Ralph Linton


Ralph Linton 27 February 1893 – 24 December 1953 was the respected American anthropologist of the mid-20th century, particularly remembered for his texts The inspect of Man 1936 together with The Tree of Culture 1955. One of Linton's major contributions to anthropology was imposing a distinction between status in addition to role.

Academic career


Linton used his Harvard connections to secure a position at the Field Museum of Chicago after his improvement from the Marquesas. His official position was as Curator of American Indian materials. He continued working on digs in Ohio which he had first begun as a graduate student, but also began works through the museum's archival material on the Pawnee and published data collected by others in a series of articles and museum bulletins. While at the Field Museum he worked with illustrator and future children's book artist and author Holling Clancy Holling.

Between 1925 and 1927, Linton undertook an extensive collecting trip to Madagascar for the field museum, exploring the western end of the Austronesian diaspora after having studied the eastern end of this culture in the Marquesas. He did his own fieldwork there as well, and the book that resulted, The Tanala: A Hill Tribe of Madagascar 1933, was the near detailed ethnography he would publish.

On his benefit to the United States, Linton took a position at the Adelin Hohlfeld, who worked as his secretary and editor as well as his collaborator—many of the popular pieces published jointly by them such(a) as Halloween Through Twenty Centuries were in fact entirely solution by Adelin Hohlfield.

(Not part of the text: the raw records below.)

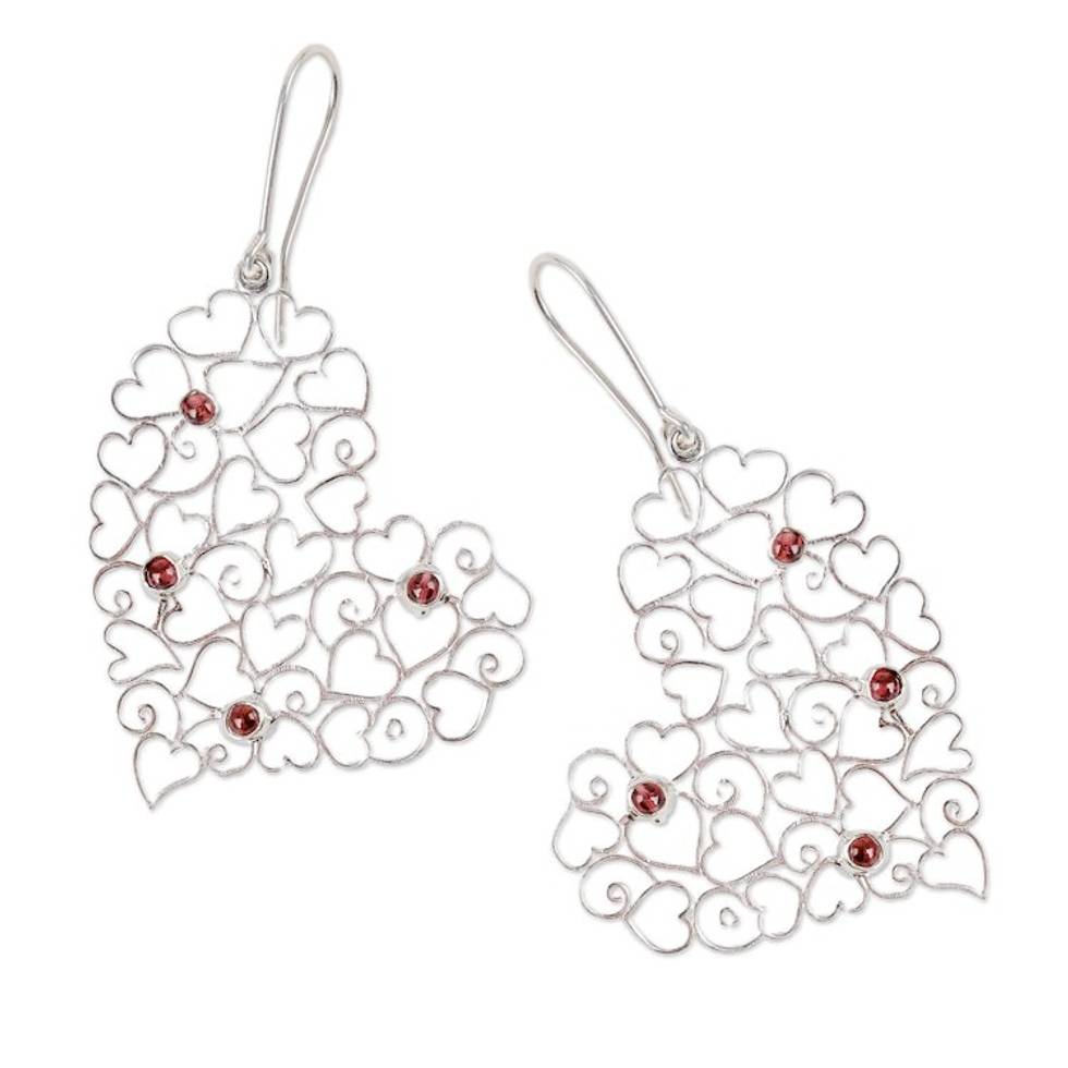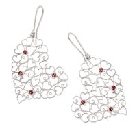 Garnet 925 Silver Heart Dangle Earrings with Openwork Accent 'Heart Tapestry' Item ID: 2669934768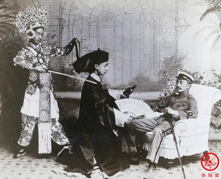 蓄辫子、穿官服的男子跪在地上,为外国军官倒酒;后面穿戏装的人一手持剑、一手撩起跪地男子的辫子,作刺杀姿势。不明白这张照片要表达什么,似乎是要羞辱跪地的男子。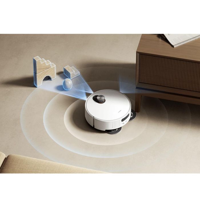 The Xiaomi 5 robot vacuum features a retractable dToF intelligent radar system that allows it to efficiently access spaces as low as 9.5 cm. It delivers powerful suction up to 20,000 Pa and has anti-tangle brushes for easy hair and dirt removal. It comes with a self-cleaning base that can wash and dry the floor mop using hot water up to 80°C, and automatically collects dust into a 2.5-liter bag that lasts up to 75 days before needing replacement. It can be controlled via the Xiaomi Home app or voice commands using Alexa and Google Assistant.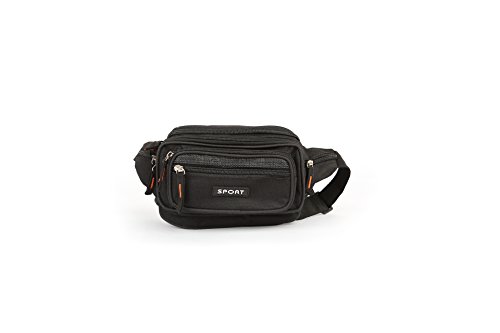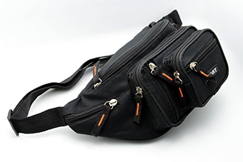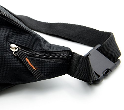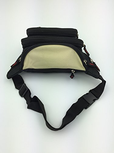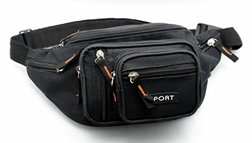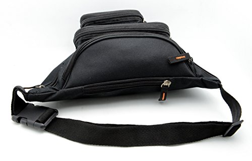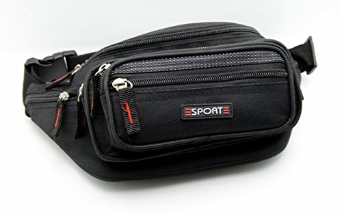 Product Description Sport this large size fanny pack on vacation, sporting events or walking. The pack is constructed with durable 600 Denier Polyester. It has many zipper compartments that will hold more stuff than our medium size. This item can hold a cell phone, wallet, keys and a lot more. You can keep your hands free, yet it is small enough not to be in the way. Also, it has a key ring attachment so you can easily find your keys. The fanny pack measures 31*16*7.5 cm 0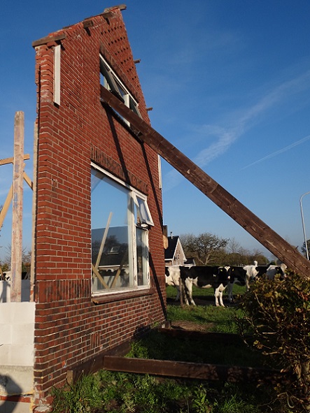 Die voorgevel laten staan is een belastingtrucje om toch een nieuw huis te kunnen bouwen zonder alle bijkomende kosten, wordt vaker gedaan hier in de omgeving.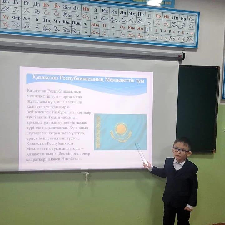 Елтаңба, ту, әнұран туралы түсініктерін нығайту және рәміздіердің пайда болуы мен тарихтағы маңызы жайлы түсініктерін дамыту мақсатында 1 “Ә” сыныбында “МЕМЛЕКЕТТІК РӘМІЗДЕРДІ БІЛЕМІЗ БЕ” тақырыбында сынып сағаты өткізілді.

In 1937 Linton came to Columbia University, appointed to the post of head of the Anthropology department after the retirement of Culture and Personality approach. According to Sidney Mintz who was a colleague of Linton at Yale, he even one time jokingly boasted that he had killed Benedict using a Tanala magic charm.

When World War II broke out, Linton became involved in war-planning and his thoughts on the war and the role of the United States and American Anthropology could be seen in several works of the post-war period, most notably The Science of Man in the World Crisis 1945 and Most of the World. It was during the war that Linton also undertook a long trip to South America, where he able a coronary occlusion that left him in precarious health.

After the war Linton moved to Yale University, a center for anthropologists such as G. P. Murdock who had collaborated with the US government. He taught there from 1946 to 1953, where he continued to publish on culture and personality. It was during this period that he also began writing The Tree of Culture, an ambitious global overview of human culture. Linton was elected a Fellow of the American Academy of Arts and Sciences in 1950. He died of complications relating to his trip in South America on Christmas Eve, 1953. His wife, Adelin Hohlfield Linton, completed The Tree of Culture which went on to become a popular textbook.